India is facing a severe stress on its water resources not just due to climate change but also several human factors, including an injudicious use of water and its pricing.

On June 18 this year, Chennai, one of the largest Indian cities and the capital of the southern state of Tamil Nadu, went dry. Right in the middle of an usually warm summer, the metropolis, home to over 11 million people, went bone dry, with taps pumping hot air instead of water, all over the sprawling city and its suburbs. The city was left with a deficit of over 200 million litres a day (mld) of water, as against a daily need of 1200 mld.

The emergency was blamed on the drying up of the city’s four lakes, its key source of water due to extremely little rain during the winter monsoon late last year. The government was obliged to run special water trains and trucks ferrying water to provide succour to the parched city.

But climate change was only partially responsible for the epidemic. Chennai’s was largely a man-made disaster – one that more Indian metropolises are soon to suffer no matter the weather.

India is facing the worst water crisis in its history, and 21 Indian cities will run out of groundwater by 2020, says a report by NITI Aayog, a government thinktank, calling for ‘urgent and improved’ management of water resources.
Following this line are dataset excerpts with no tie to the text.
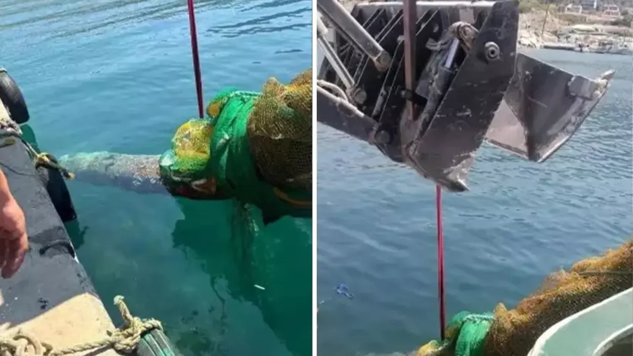 İzmir’in Karaburun ilçesi açıklarında uluslararası sularda avlanan “Kaptan Mustafa 2” adlı balıkçı teknesi, ağlarına takılan ağır bir cisim nedeniyle limana dönmek zorunda kaldı. Tekne kaptanı ve mürettebat, limanda kepçe yardımıyla çıkardıkları cismin bir denizaltı torpidosu olduğunu fark etti.
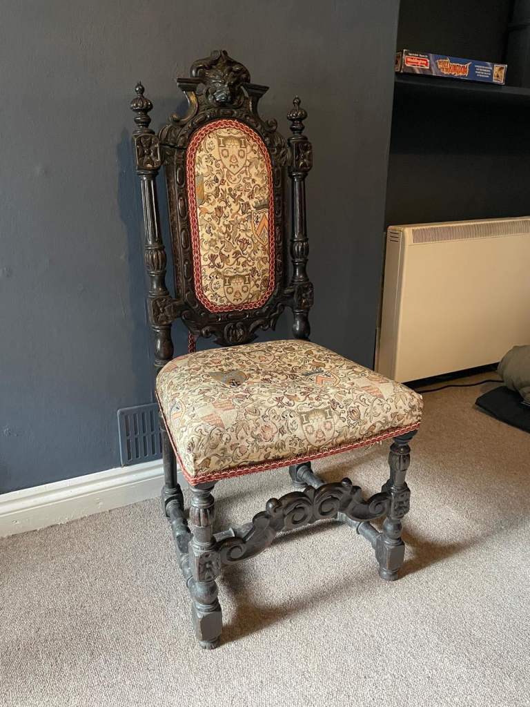 Pair of Reproduction Dark Oak Carver Dining Chairs – Excellent Condition
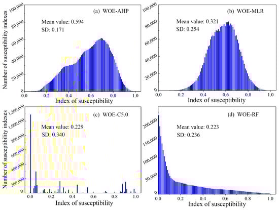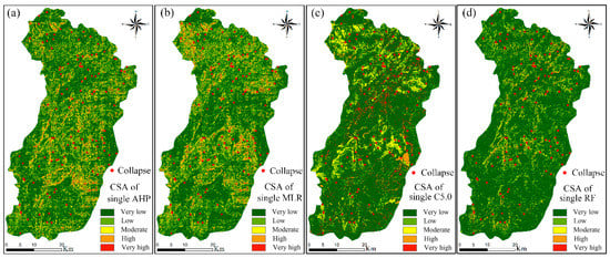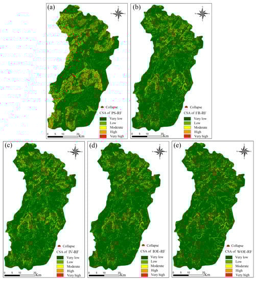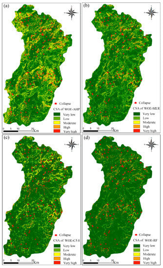 The whole study area was divided into 2,655,972 grid units under the grid resolution of 30 m × 30 m. All of the 11 environment factors were reassigned by the calculation results of the five collection methods, then these reassigned environment factors were used as input variables of CSP models. At the same time, a total of 108 recorded collapse polygons were divided into 1463 collapse grid units, which were assigned to 1, while the same number of randomly selected noncollapse grid units were assigned to 0. These collapse and noncollapse grid units were randomly divided into model training sets and testing sets by a proportion of 70%/30%. Finally, all the grid units with connection values in the study area were put into the four models, respectively, to calculate the CSIs, which were divided into five levels: very high (10%), high (20%), m rate (20%), low (20%) and very low (30%).
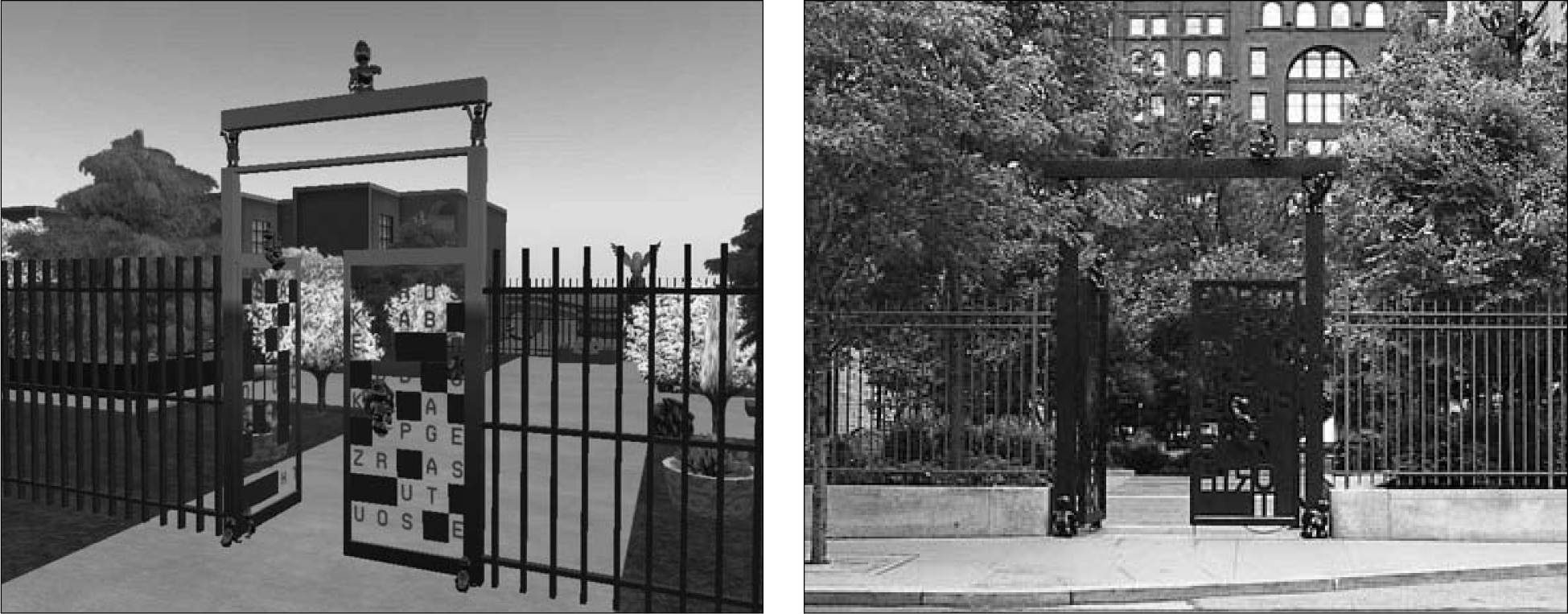 The CPL Reader's Garden in Second Life (left) and real life (right). |
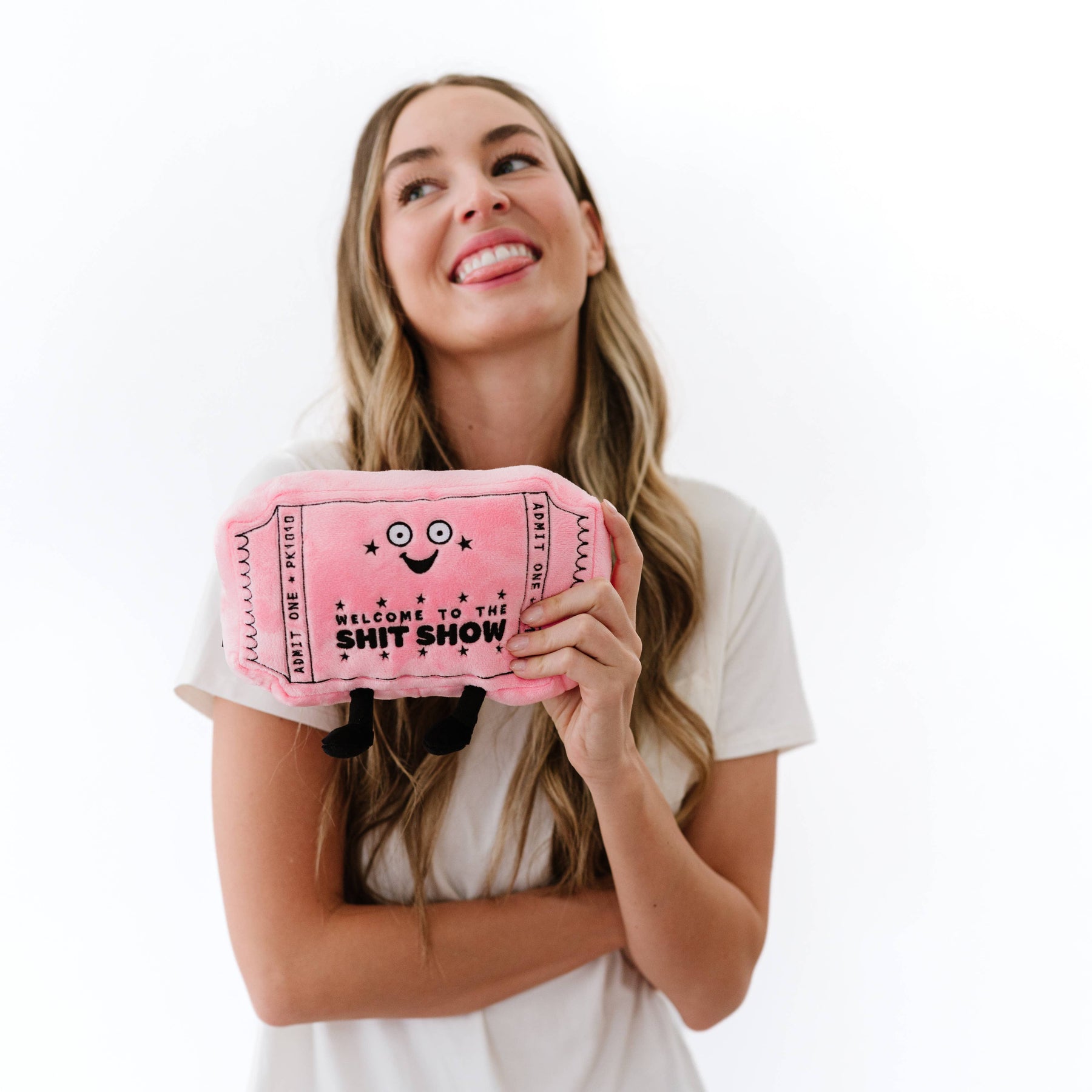 If life feels a little chaotic, this plush gets it. Featuring a ticket-stub design with a face full of “barely holding it together” energy, this plush proudly welcomes you to the sh*t show — enter at your own risk.

“With high rate of urbanisation and unprecedented population growth in cities, there is increase in water demand and over exploitation of groundwater. In addition, 70 pc of urban sewage is not treated thus polluting water bodies. Also, as we value land more than water, in the last few decades encroachment of water bodies has been on rise, and excessive focus on extraction technologies and related infrastructure has widened the demand-supply gap. At this point of time one needs to value the local resources e.g. water bodies, floodplain areas as they act as sponges of any city. We need a change in approach from centralised to decentralised mode of water management,” explains Mahreen Matto, water management programme manager, Centre for Science and Environment in an interview to Biz@India.

That is pretty much the case with Chennai. The city is blessed to have three rivers flowing through it as well as five wetlands, including large lakes and six forest areas. Yet, the city has run dry, largely due to poor water management.

water-tankar

Managing infrastructures to manage water

Less than four years ago, the now drought-ridden Chennai was dealing with devastating floods. Though located on a flood plain, the city had paved over the lakes and wetlands that might have helped the process of recharging the water table. As a result, heavy rains couldn’t percolate into aquifers under the city. Water pooled and surged above ground. That reduced the resources available to deal with a crisis like this year’s.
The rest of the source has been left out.